Stored items from a collection:
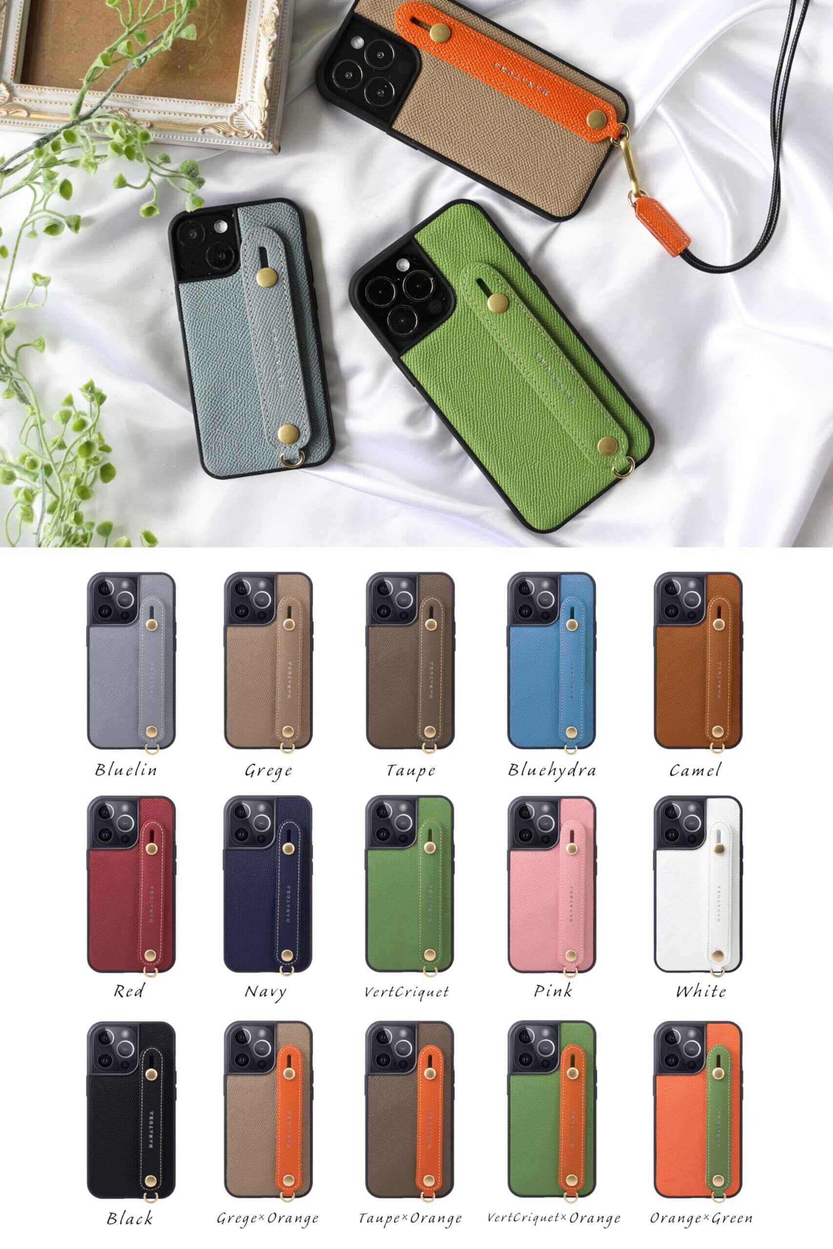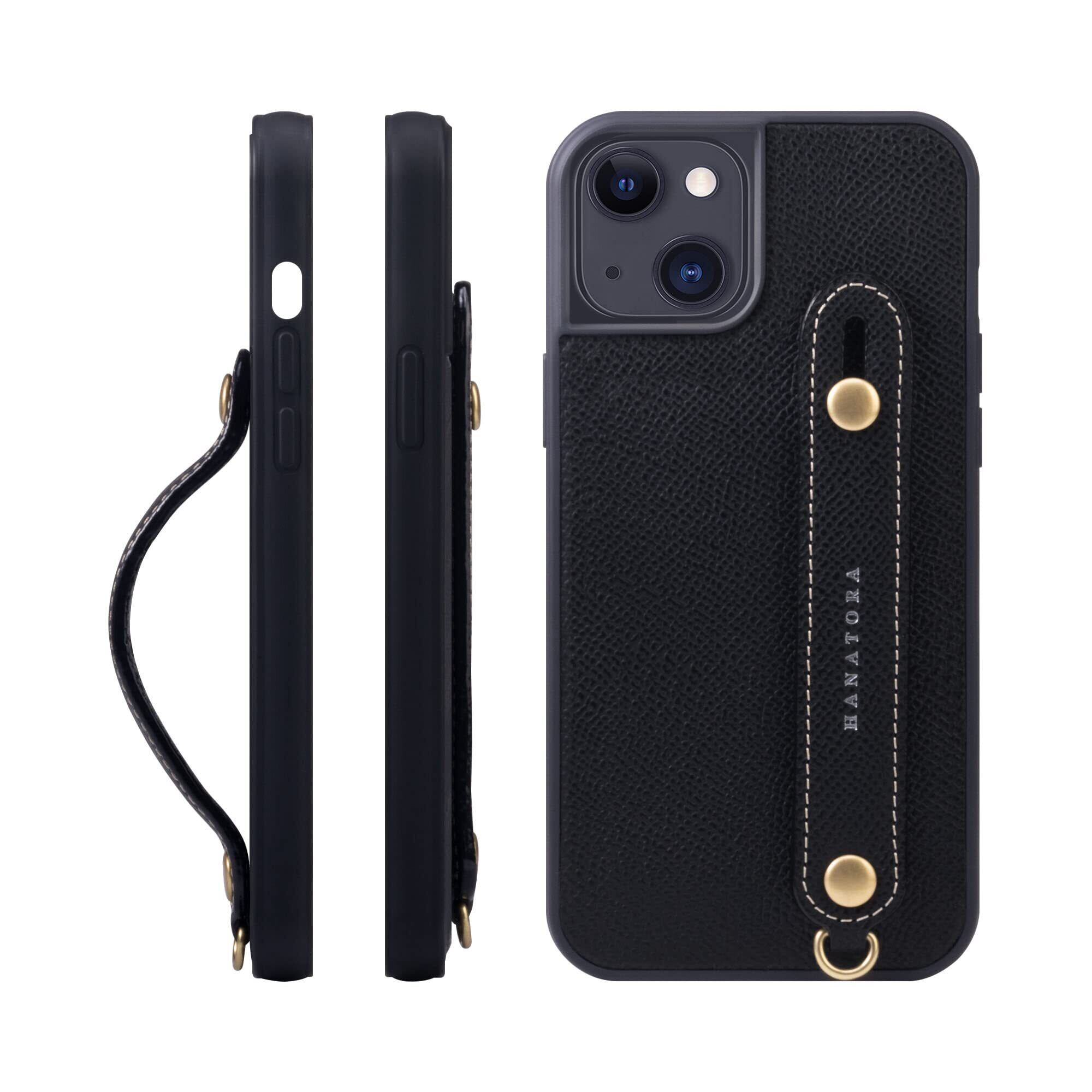 HANATORA iPhone15Plus ケース 本革 耐衝撃 背面ベルト スマホケース スマホ スタンド機能 ネック ストラップ 付き エンボスレザー ギフト マグネットなし ブラック NGH-15Plus-Black
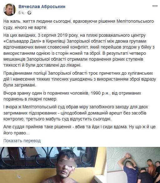 Не исключено, что за кровавой разборкой стоят и другие высокопоставленные правоохранители. О наличии у преступников «крыши» говорит и тот факт, что 5 августа Мелитопольский районнный суд отпустил под домашний арест двух подозреваемых. Хотя уже было известно о том, что пострадавший скончался. Оценку действиям суда уже дал Первый заместитель главы Национальной полиции Украины Вячеслав Аброськин, пока на своей странице в ФБ:
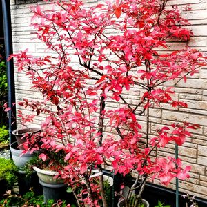 寒くなるのが遅くなったせいか今頃真っ赤かに紅葉しましたブルーベリーの植木です。
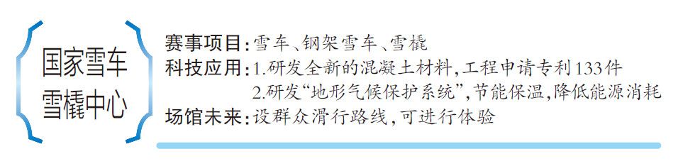 国家雪车雪橇中心位于延庆赛区核心区南部,该赛道为全世界第17条,亚洲第3条,中国首条雪车雪橇赛道。赛道全长1975米,垂直落差121米,由16个角度、倾斜度各异的弯道组成,包括在世界上都非常少见的360°回旋弯道。赛道最高设计时速达到135公里,因此赛道设计建造要求极高,要精细到每一个角度、每一个曲面、每一个毫米级的细微之处。
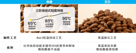 艾尔:采用的是高温膨化工艺,对工艺没有做详细的介绍,高温可以有效消灭饲料中的细菌和有害微生物,生产出来的狗粮也比较酥脆容易咀嚼,表面会微微油腻一些。
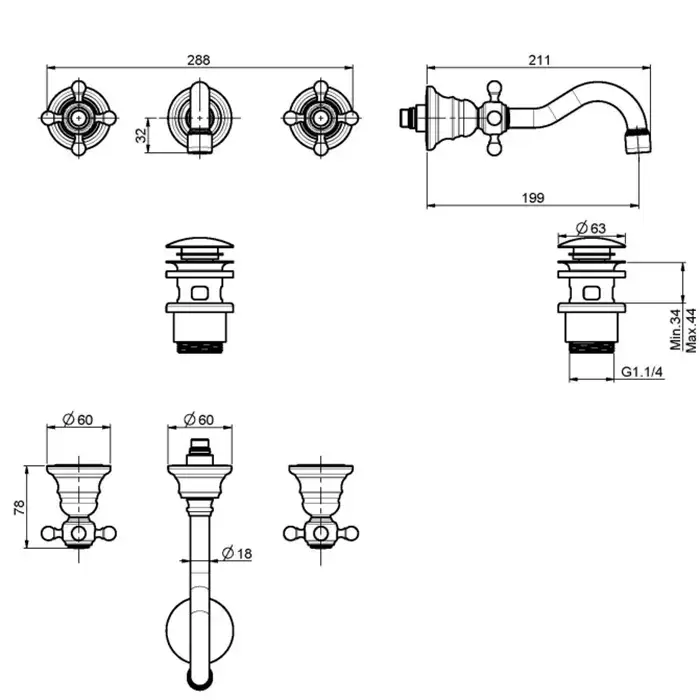 Fima Carlo Frattini Elizabeth Смеситель для раковины настенный монтаж, на 3 отв, излив: 20см., донный клапан click-clack, цвет: бронза
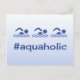 #aquaholic. Kann man nicht genug vom Pool bekommen? Dann ist das die Postkarte für Sie - und für alle, die wirklich Lieben schwimmen. Der Text ist blau, mit drei blauen Piktogramm-Schwimmern oben, auf einem blass blauen Farbverlauf Hintergrund.
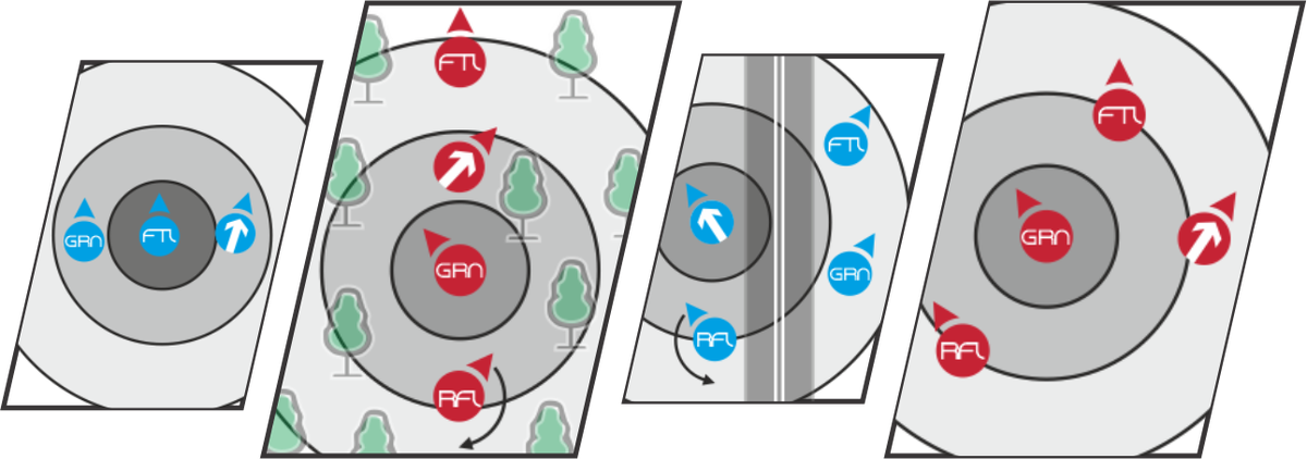 преимущества и ограничения каждой из них мы рассмотрим далее Используются в масштабе fireteam (команды/звена) Основное построение FireTeam, универсальное построение с максимальным обзором, которое позволяет команде быстро выстроиться в линию в любом направл
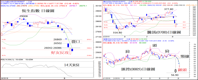 首先,恆指持續以裂口及大陰燭確切跌穿20天保力加通道下限線收市,令通道波幅顯著擴大,是單邊跌市的表現,難望於短時間內見底;
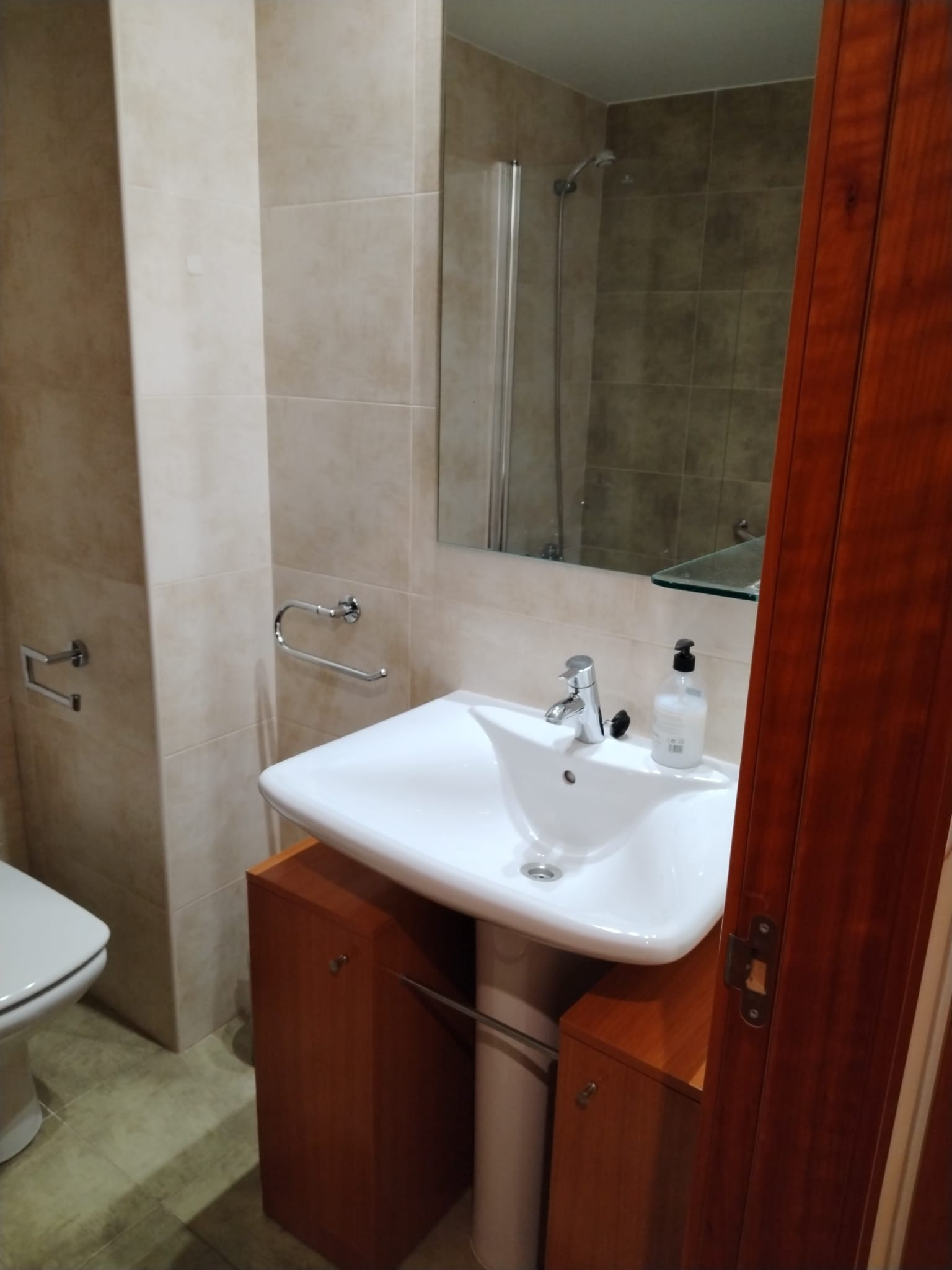 The apartment has two well-distributed bedrooms: one with a double bed and another with two single beds, ensuring comfortable rest for all guests. The brightness and practical design make the space very pleasant and functional.
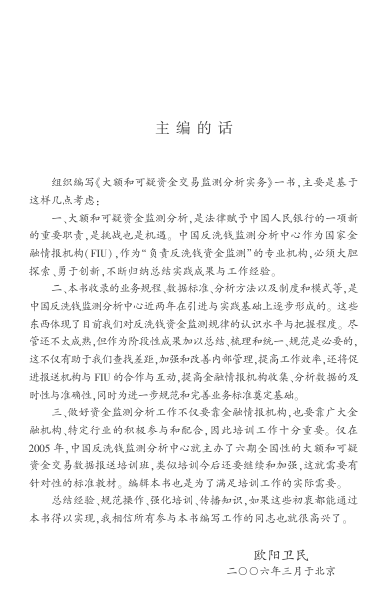 本书由中国反洗钱监测分析中心主编欧阳卫民领衔编写,凝聚了我国金融情报机构在大额和可疑资金交易监测领域的阶段性成果与实践经验。内容涵盖业务规程、数据标准、分析方法及制度模式,既是对反洗钱监测工作规律的系统总结,也为金融机构及相关从业人员提供了可操作的指导依据。书中内容源于真实监测实践,并服务于全国性培训需求,具有较强的实务性与权威性。适合反洗钱领域从业者、金融机构合规人员及监管研究者阅读参考。
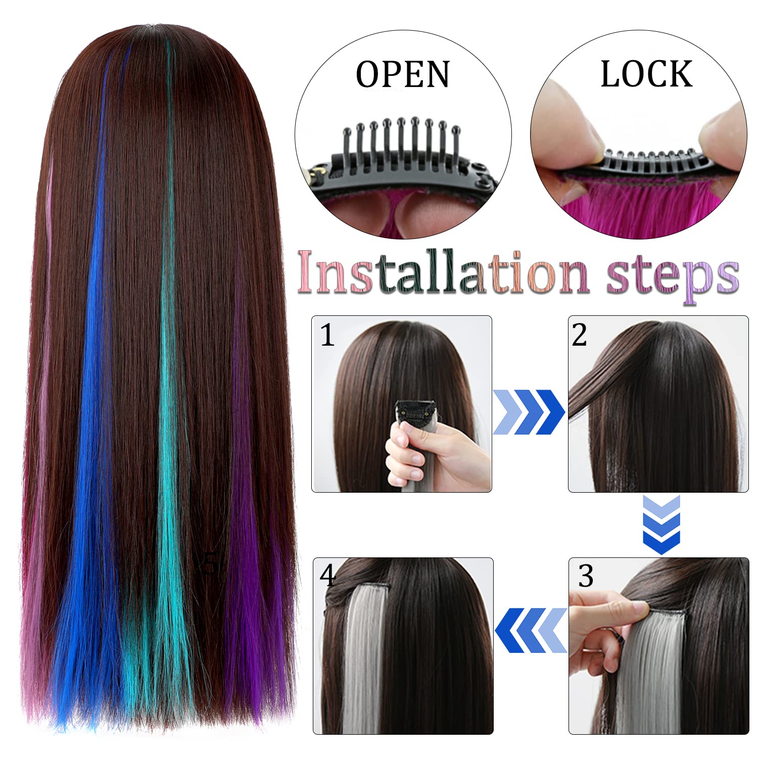 Colored Hair Extensions 24 Inch Rainbow Hair Synthetic Straight Hair Extensions For Women Girls Kids Gift Multi Colors Party Clip In Synthetic Hairpiece
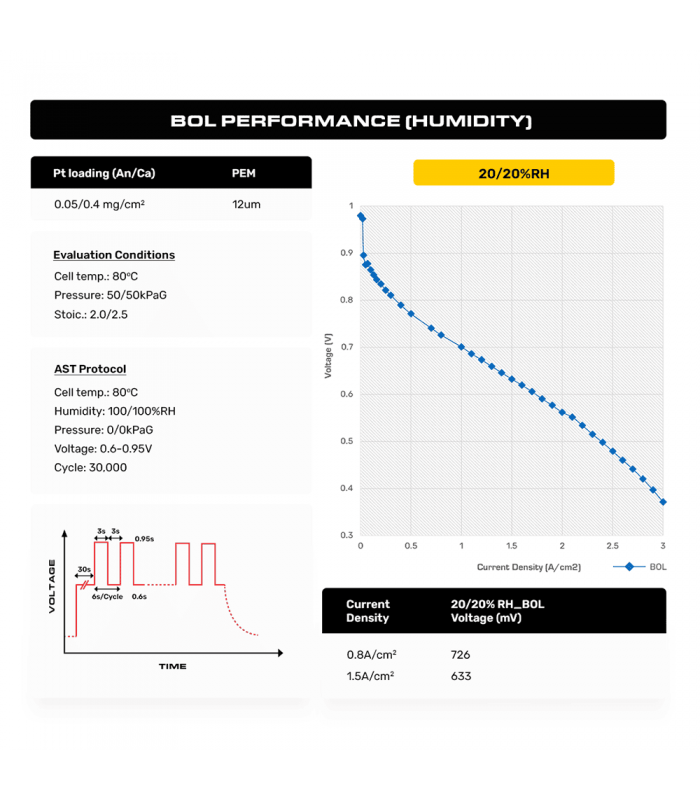 • Beginning-of-Life (BOL) Voltage at 0.8A/cm2 Current Density: 726mV
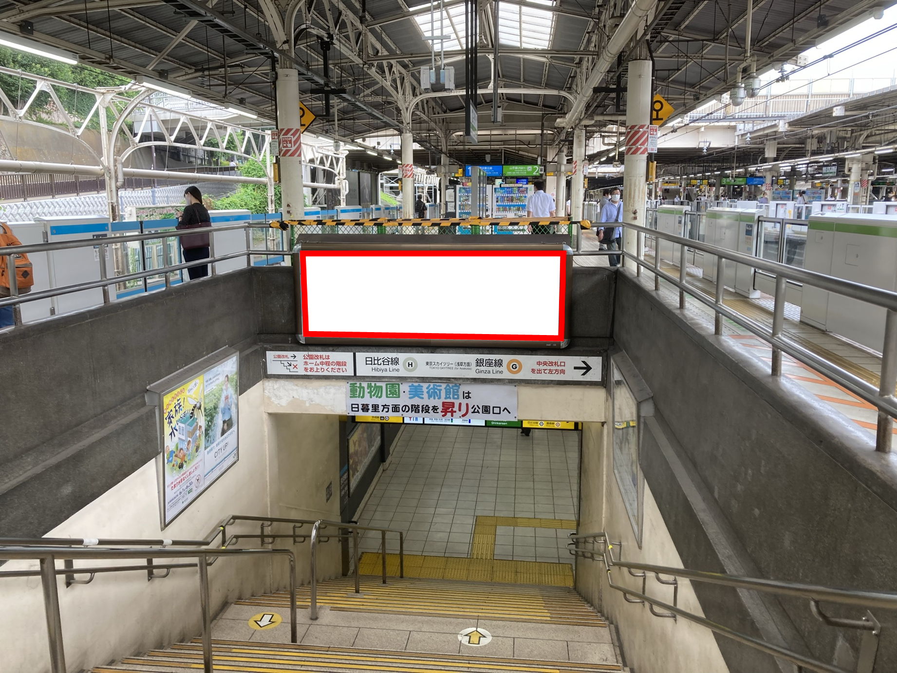 JR上野駅の山手線(内回り)・京浜東北線(大宮方面)ホーム階段正面の特額看板のご案内です。
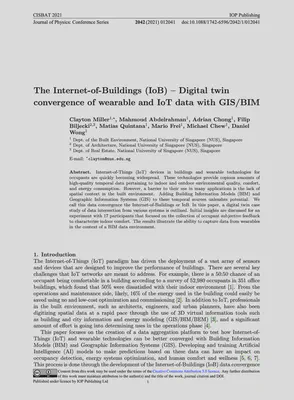 Miller C, Abdelrahman M, Chong A, Biljecki F, Quintana M, Frei M, Chew M, Wong D (2021): The Internet-of-Buildings (IoB) — Digital twin convergence of wearable and IoT data with GIS/BIM. Journal of Physics: Conference Series 2042(1): 012041. 10.1088/1742-6596/2042/1/012041 PDF

__What the task asks__
Give each record above back word for word, but carry over none of the pictures.

__Exercise response__
 HANATORA iPhone15Plus ケース 本革 耐衝撃 背面ベルト スマホケース スマホ スタンド機能 ネック ストラップ 付き エンボスレザー ギフト マグネットなし ブラック NGH-15Plus-Black
 Не исключено, что за кровавой разборкой стоят и другие высокопоставленные правоохранители. О наличии у преступников «крыши» говорит и тот факт, что 5 августа Мелитопольский районнный суд отпустил под домашний арест двух подозреваемых. Хотя уже было известно о том, что пострадавший скончался. Оценку действиям суда уже дал Первый заместитель главы Национальной полиции Украины Вячеслав Аброськин, пока на своей странице в ФБ:
 寒くなるのが遅くなったせいか今頃真っ赤かに紅葉しましたブルーベリーの植木です。
 国家雪车雪橇中心位于延庆赛区核心区南部,该赛道为全世界第17条,亚洲第3条,中国首条雪车雪橇赛道。赛道全长1975米,垂直落差121米,由16个角度、倾斜度各异的弯道组成,包括在世界上都非常少见的360°回旋弯道。赛道最高设计时速达到135公里,因此赛道设计建造要求极高,要精细到每一个角度、每一个曲面、每一个毫米级的细微之处。
 艾尔:采用的是高温膨化工艺,对工艺没有做详细的介绍,高温可以有效消灭饲料中的细菌和有害微生物,生产出来的狗粮也比较酥脆容易咀嚼,表面会微微油腻一些。
 Fima Carlo Frattini Elizabeth Смеситель для раковины настенный монтаж, на 3 отв, излив: 20см., донный клапан click-clack, цвет: бронза
 #aquaholic. Kann man nicht genug vom Pool bekommen? Dann ist das die Postkarte für Sie - und für alle, die wirklich Lieben schwimmen. Der Text ist blau, mit drei blauen Piktogramm-Schwimmern oben, auf einem blass blauen Farbverlauf Hintergrund.
 преимущества и ограничения каждой из них мы рассмотрим далее Используются в масштабе fireteam (команды/звена) Основное построение FireTeam, универсальное построение с максимальным обзором, которое позволяет команде быстро выстроиться в линию в любом направл
 首先,恆指持續以裂口及大陰燭確切跌穿20天保力加通道下限線收市,令通道波幅顯著擴大,是單邊跌市的表現,難望於短時間內見底;
 The apartment has two well-distributed bedrooms: one with a double bed and another with two single beds, ensuring comfortable rest for all guests. The brightness and practical design make the space very pleasant and functional.
 本书由中国反洗钱监测分析中心主编欧阳卫民领衔编写,凝聚了我国金融情报机构在大额和可疑资金交易监测领域的阶段性成果与实践经验。内容涵盖业务规程、数据标准、分析方法及制度模式,既是对反洗钱监测工作规律的系统总结,也为金融机构及相关从业人员提供了可操作的指导依据。书中内容源于真实监测实践,并服务于全国性培训需求,具有较强的实务性与权威性。适合反洗钱领域从业者、金融机构合规人员及监管研究者阅读参考。
 Colored Hair Extensions 24 Inch Rainbow Hair Synthetic Straight Hair Extensions For Women Girls Kids Gift Multi Colors Party Clip In Synthetic Hairpiece
 • Beginning-of-Life (BOL) Voltage at 0.8A/cm2 Current Density: 726mV
 JR上野駅の山手線(内回り)・京浜東北線(大宮方面)ホーム階段正面の特額看板のご案内です。
 Miller C, Abdelrahman M, Chong A, Biljecki F, Quintana M, Frei M, Chew M, Wong D (2021): The Internet-of-Buildings (IoB) — Digital twin convergence of wearable and IoT data with GIS/BIM. Journal of Physics: Conference Series 2042(1): 012041. 10.1088/1742-6596/2042/1/012041 PDF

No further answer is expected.